A couple of quick mods:

I made some aluminum soft jaws for one of my bench vises and tried Robin's method of using differential screws. I liked the idea of getting rid of the bolt head area on the jaws. The design uses clamping screws which have different handed threads on each end to pull the jaws into the vise body. I used #10-32 x 0.84" long screws (McMaster).  You do also have to make threaded inserts for the vise to size down to the #10 screw. You can view his YouTube build video here.

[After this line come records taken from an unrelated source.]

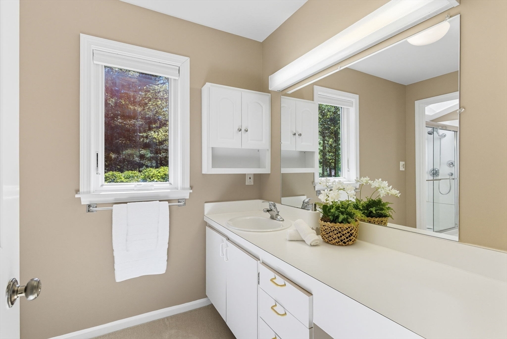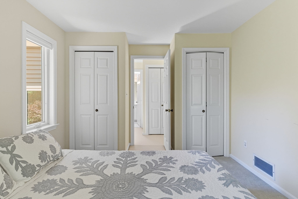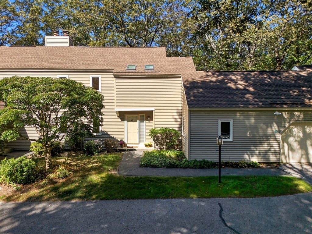 Tucked away on a cul-de-sac in tranquil Turkey Hill Village, this lovely townhouse lives like single-family w/ease of condo living. Surrounded by woods, it’s a suburban oasis minutes to MA-90, I-95, Rtes 30 & 9. Enjoy Wayland’s natural beauty, New England charm & top-rated schools-while staying close to Boston. Beautifully landscaped grounds welcome you home. Inside discover sun-filled spaces, gleaming hardwoods, open layout & peaceful wooded views. Living room has mantled fireplace, custom built-ins & picture window. Perfect home office or possible 1st-fl bed conversion. Open dining area w/slider to private patio ideal for relaxing or entertaining. Beautiful kitchen w/maple cabinets, farmer’s sink, backsplash, pantry & newer appliances. Upstairs offers spacious primary suite w/walk-in closet, built-in & sit-down shower. Good-sized 2nd bed & full bath. Basement storage & expansion potential. Replacement windows. Newer systems. Pro-managed, pet-friendly HOA w/pool & tennis/pickleball.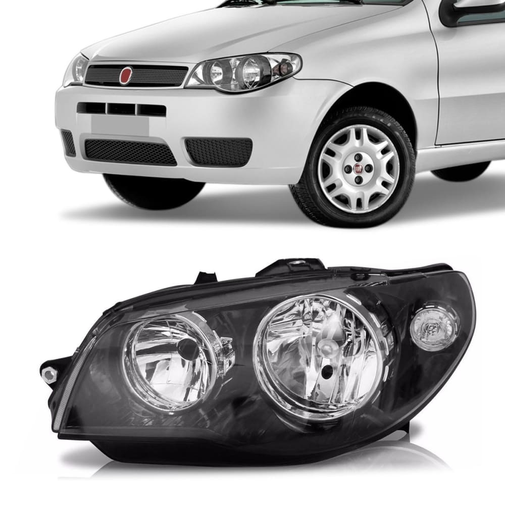 Farol Foco Duplo Com Máscara Negra e Canhão Metalizado Para Os Veículos Fiat Palio De 2004 Até 2016, Weekend, Siena e Strada De 2004 Até 2012.
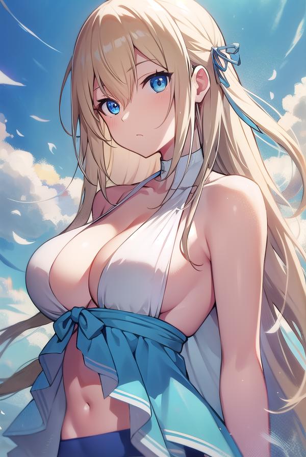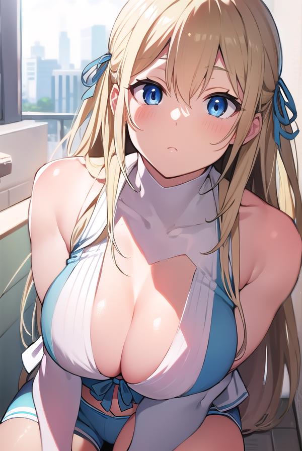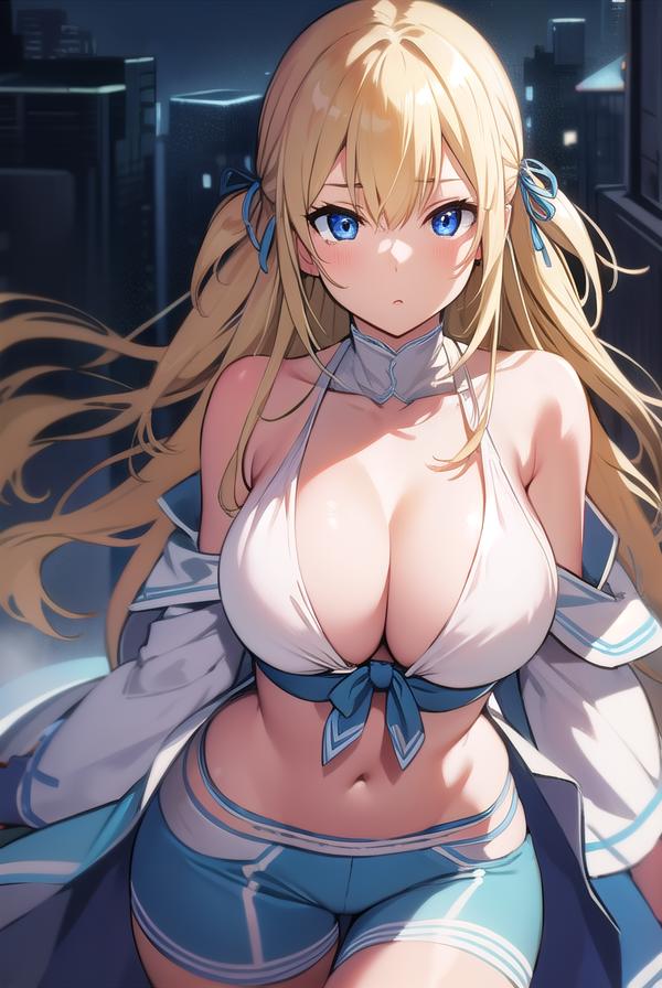 sylphy, blonde hair, blue eyes, hair ribbon, long hair, ribbon, two side up,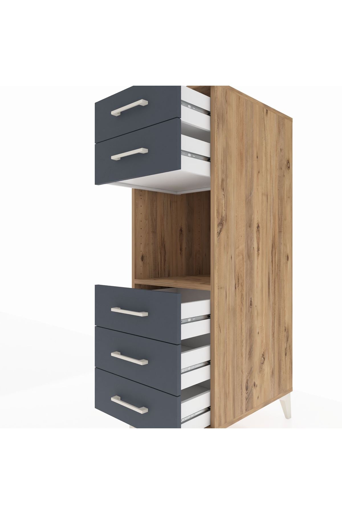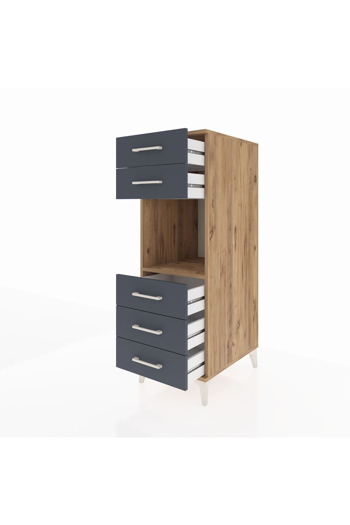 Kronos Dolap Tek Raflı 5 Çekmeceli 44x59x134 Çam-Antrasit

I also wanted to make a centering vise handle. I like the handle centered b/c it stays balanced and usually use it that way. But sometimes the handle sticking up gets in the way of the workpiece. I used to move the rubber bumpers on the handle, but they are pretty tight and annoying to adjust. So all I did was add a ball detent and recess in the handle. I realize this weakens the handle a bit. If I were to do this properly, I think I'd just dimple one spot in the center of the handle as well as run a shallow longitudinal slot to keep the handle from rotating (thus the ball would always locate in the center dimple). The single dimple wouldn't hurt the handle strength nearly as much as the radial recess I made. Curious what folks think about this one. Anyway, I love the mod and figured I'd share. I've never seen this type of detent on a vise handle before...maybe for good reason?


----------



## brino (Mar 17, 2021)

Those new aluminum jaws look very useful....and very nice!

I doubt that you have weekend the handle much. If that breaks then it likely due to a cheater pipe, and the vise nut is already in danger.

Perhaps a saddle-shaped brass pad under a spring and set-screw could provide enough friction on the handle such that it didn't flop around.

-brino


----------



## keeena (Mar 17, 2021)

brino said:


> I doubt that you have weekend the handle much. If that breaks then it likely due to a cheater pipe, and the vise nut is already in danger.


That's a good way to justify my questionable design! 

A friction slider is a good idea too; that's what my arbor press uses to hold the ram up.


----------